** Action item **
Each line below needs to be printed again exactly.

** Recorded data **
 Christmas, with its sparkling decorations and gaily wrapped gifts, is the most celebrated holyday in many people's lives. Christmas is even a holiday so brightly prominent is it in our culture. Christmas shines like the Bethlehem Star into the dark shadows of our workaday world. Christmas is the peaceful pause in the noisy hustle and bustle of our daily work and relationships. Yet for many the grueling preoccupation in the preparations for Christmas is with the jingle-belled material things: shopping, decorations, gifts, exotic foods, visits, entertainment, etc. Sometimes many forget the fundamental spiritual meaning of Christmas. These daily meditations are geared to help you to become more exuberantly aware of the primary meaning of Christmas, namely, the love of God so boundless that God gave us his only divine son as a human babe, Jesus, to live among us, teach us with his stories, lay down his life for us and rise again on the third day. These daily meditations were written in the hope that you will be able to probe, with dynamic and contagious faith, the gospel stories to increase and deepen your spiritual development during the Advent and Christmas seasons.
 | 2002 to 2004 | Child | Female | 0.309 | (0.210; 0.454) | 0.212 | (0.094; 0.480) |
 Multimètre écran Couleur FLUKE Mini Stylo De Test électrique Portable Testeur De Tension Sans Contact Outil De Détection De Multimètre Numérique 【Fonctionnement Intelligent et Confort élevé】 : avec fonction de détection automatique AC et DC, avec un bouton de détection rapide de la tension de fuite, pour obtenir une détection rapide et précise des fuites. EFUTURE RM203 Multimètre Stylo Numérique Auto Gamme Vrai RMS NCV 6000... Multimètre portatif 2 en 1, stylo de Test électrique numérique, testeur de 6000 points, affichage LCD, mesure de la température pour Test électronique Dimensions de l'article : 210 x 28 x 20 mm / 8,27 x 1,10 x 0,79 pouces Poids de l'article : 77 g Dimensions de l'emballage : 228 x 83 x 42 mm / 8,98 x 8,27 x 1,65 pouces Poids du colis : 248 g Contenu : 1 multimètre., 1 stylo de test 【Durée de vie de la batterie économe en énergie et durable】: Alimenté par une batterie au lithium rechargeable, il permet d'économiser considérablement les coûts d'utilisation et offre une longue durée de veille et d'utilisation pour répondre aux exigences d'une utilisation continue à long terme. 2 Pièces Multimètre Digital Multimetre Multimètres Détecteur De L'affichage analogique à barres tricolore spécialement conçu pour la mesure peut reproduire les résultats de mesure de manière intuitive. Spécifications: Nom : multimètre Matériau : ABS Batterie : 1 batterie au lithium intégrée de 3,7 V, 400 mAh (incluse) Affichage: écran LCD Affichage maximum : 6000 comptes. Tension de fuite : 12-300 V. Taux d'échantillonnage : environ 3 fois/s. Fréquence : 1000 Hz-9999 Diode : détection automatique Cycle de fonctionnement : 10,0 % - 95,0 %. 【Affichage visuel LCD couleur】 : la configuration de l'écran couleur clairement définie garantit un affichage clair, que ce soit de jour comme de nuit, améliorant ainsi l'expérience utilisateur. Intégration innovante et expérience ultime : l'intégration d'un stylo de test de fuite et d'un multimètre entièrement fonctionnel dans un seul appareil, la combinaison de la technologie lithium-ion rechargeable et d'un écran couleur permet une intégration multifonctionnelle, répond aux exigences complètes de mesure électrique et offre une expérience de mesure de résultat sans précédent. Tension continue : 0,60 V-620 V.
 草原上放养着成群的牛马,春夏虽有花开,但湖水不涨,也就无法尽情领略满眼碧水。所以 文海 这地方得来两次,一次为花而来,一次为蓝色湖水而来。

** Problem solution **
 Christmas, with its sparkling decorations and gaily wrapped gifts, is the most celebrated holyday in many people's lives. Christmas is even a holiday so brightly prominent is it in our culture. Christmas shines like the Bethlehem Star into the dark shadows of our workaday world. Christmas is the peaceful pause in the noisy hustle and bustle of our daily work and relationships. Yet for many the grueling preoccupation in the preparations for Christmas is with the jingle-belled material things: shopping, decorations, gifts, exotic foods, visits, entertainment, etc. Sometimes many forget the fundamental spiritual meaning of Christmas. These daily meditations are geared to help you to become more exuberantly aware of the primary meaning of Christmas, namely, the love of God so boundless that God gave us his only divine son as a human babe, Jesus, to live among us, teach us with his stories, lay down his life for us and rise again on the third day. These daily meditations were written in the hope that you will be able to probe, with dynamic and contagious faith, the gospel stories to increase and deepen your spiritual development during the Advent and Christmas seasons.
 | 2002 to 2004 | Child | Female | 0.309 | (0.210; 0.454) | 0.212 | (0.094; 0.480) |
 Multimètre écran Couleur FLUKE Mini Stylo De Test électrique Portable Testeur De Tension Sans Contact Outil De Détection De Multimètre Numérique 【Fonctionnement Intelligent et Confort élevé】 : avec fonction de détection automatique AC et DC, avec un bouton de détection rapide de la tension de fuite, pour obtenir une détection rapide et précise des fuites. EFUTURE RM203 Multimètre Stylo Numérique Auto Gamme Vrai RMS NCV 6000... Multimètre portatif 2 en 1, stylo de Test électrique numérique, testeur de 6000 points, affichage LCD, mesure de la température pour Test électronique Dimensions de l'article : 210 x 28 x 20 mm / 8,27 x 1,10 x 0,79 pouces Poids de l'article : 77 g Dimensions de l'emballage : 228 x 83 x 42 mm / 8,98 x 8,27 x 1,65 pouces Poids du colis : 248 g Contenu : 1 multimètre., 1 stylo de test 【Durée de vie de la batterie économe en énergie et durable】: Alimenté par une batterie au lithium rechargeable, il permet d'économiser considérablement les coûts d'utilisation et offre une longue durée de veille et d'utilisation pour répondre aux exigences d'une utilisation continue à long terme. 2 Pièces Multimètre Digital Multimetre Multimètres Détecteur De L'affichage analogique à barres tricolore spécialement conçu pour la mesure peut reproduire les résultats de mesure de manière intuitive. Spécifications: Nom : multimètre Matériau : ABS Batterie : 1 batterie au lithium intégrée de 3,7 V, 400 mAh (incluse) Affichage: écran LCD Affichage maximum : 6000 comptes. Tension de fuite : 12-300 V. Taux d'échantillonnage : environ 3 fois/s. Fréquence : 1000 Hz-9999 Diode : détection automatique Cycle de fonctionnement : 10,0 % - 95,0 %. 【Affichage visuel LCD couleur】 : la configuration de l'écran couleur clairement définie garantit un affichage clair, que ce soit de jour comme de nuit, améliorant ainsi l'expérience utilisateur. Intégration innovante et expérience ultime : l'intégration d'un stylo de test de fuite et d'un multimètre entièrement fonctionnel dans un seul appareil, la combinaison de la technologie lithium-ion rechargeable et d'un écran couleur permet une intégration multifonctionnelle, répond aux exigences complètes de mesure électrique et offre une expérience de mesure de résultat sans précédent. Tension continue : 0,60 V-620 V.
 草原上放养着成群的牛马,春夏虽有花开,但湖水不涨,也就无法尽情领略满眼碧水。所以 文海 这地方得来两次,一次为花而来,一次为蓝色湖水而来。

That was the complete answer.